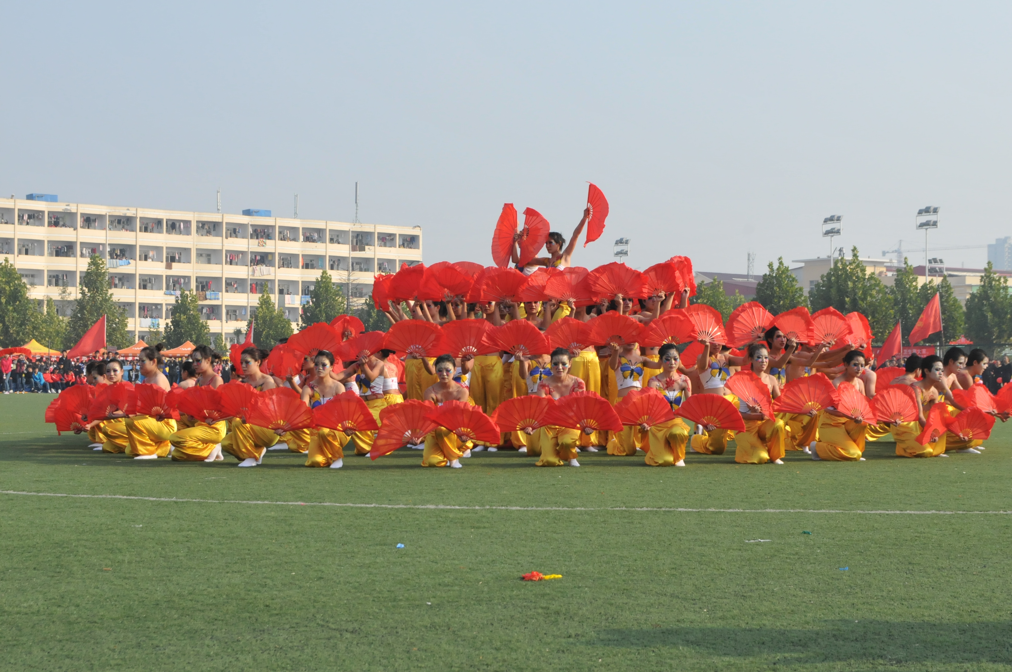 8:40,艺术设计学院以整齐独特的动漫方队亮相在全校师生面前;百人彩绘的百蝶扇舞更是震撼了全校两万余名师生。我院以全新的面貌,最独特的风格,最具有艺术设计感的造型骄傲的向全校宣告着我们的优秀。
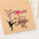 Ballet themed sticker set sheet with two ballerina silhouettes, a pair of ballet slippers with personalized name and pink graphic text reading I (heart) Ballet. Use for crafts, gifts, decorations and more.
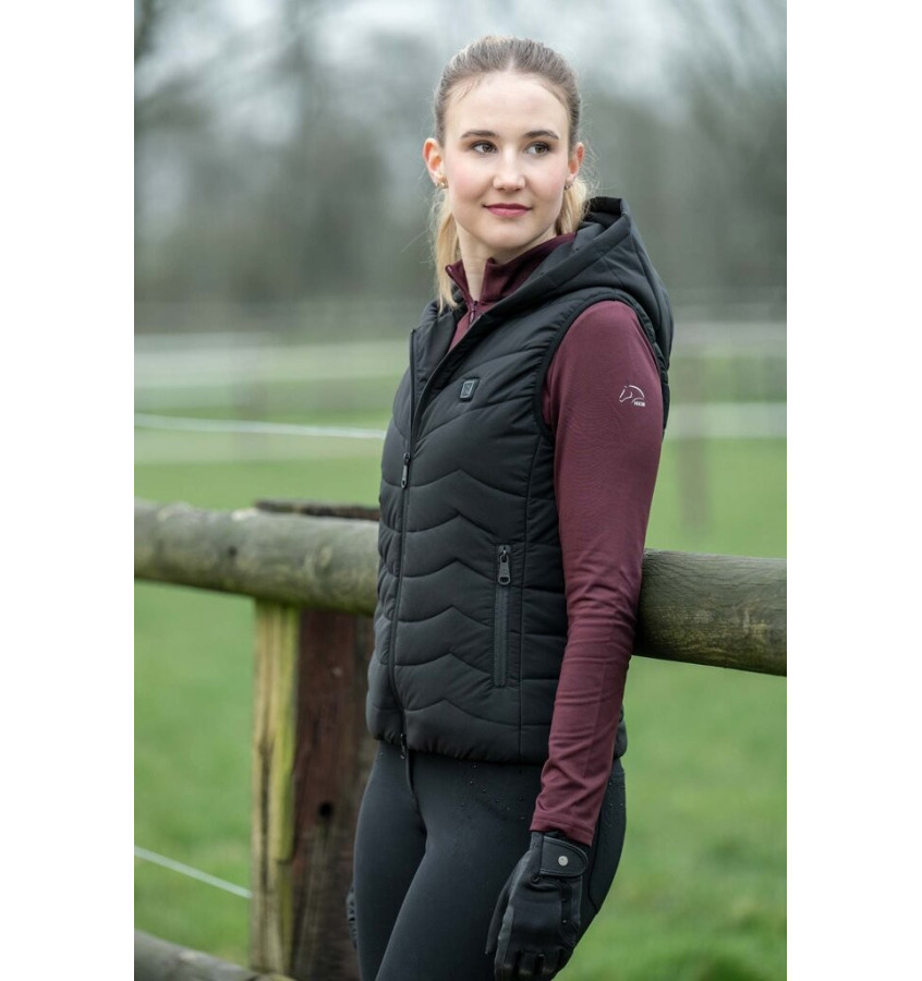 Innowacyjna kamizelka grzejąca, która zapewni Ci przyjemne i ciepłe pobyty w stajni i nie tylko! Posiada wbudowane panele grzewcze w górnej części. Kamizelka zasilana jest za pomocą powerbanka, który jest zawarty w zestawie. Na piersi znajduje się przycisk, który uruchamia grzanie. Wykonana jest z gładkiego i przyjemnego dla ciała materiału poliestrowego. Wysoki kołnierz chroni przed wiatrem. Kaptur można odpiąć.

• How to complete this task: Beginning with the line that holds "Ballet themed sticker", output each line to the end of the material above, exactly, omitting the pictures.

• Problem solution:
 Ballet themed sticker set sheet with two ballerina silhouettes, a pair of ballet slippers with personalized name and pink graphic text reading I (heart) Ballet. Use for crafts, gifts, decorations and more.
 Innowacyjna kamizelka grzejąca, która zapewni Ci przyjemne i ciepłe pobyty w stajni i nie tylko! Posiada wbudowane panele grzewcze w górnej części. Kamizelka zasilana jest za pomocą powerbanka, który jest zawarty w zestawie. Na piersi znajduje się przycisk, który uruchamia grzanie. Wykonana jest z gładkiego i przyjemnego dla ciała materiału poliestrowego. Wysoki kołnierz chroni przed wiatrem. Kaptur można odpiąć.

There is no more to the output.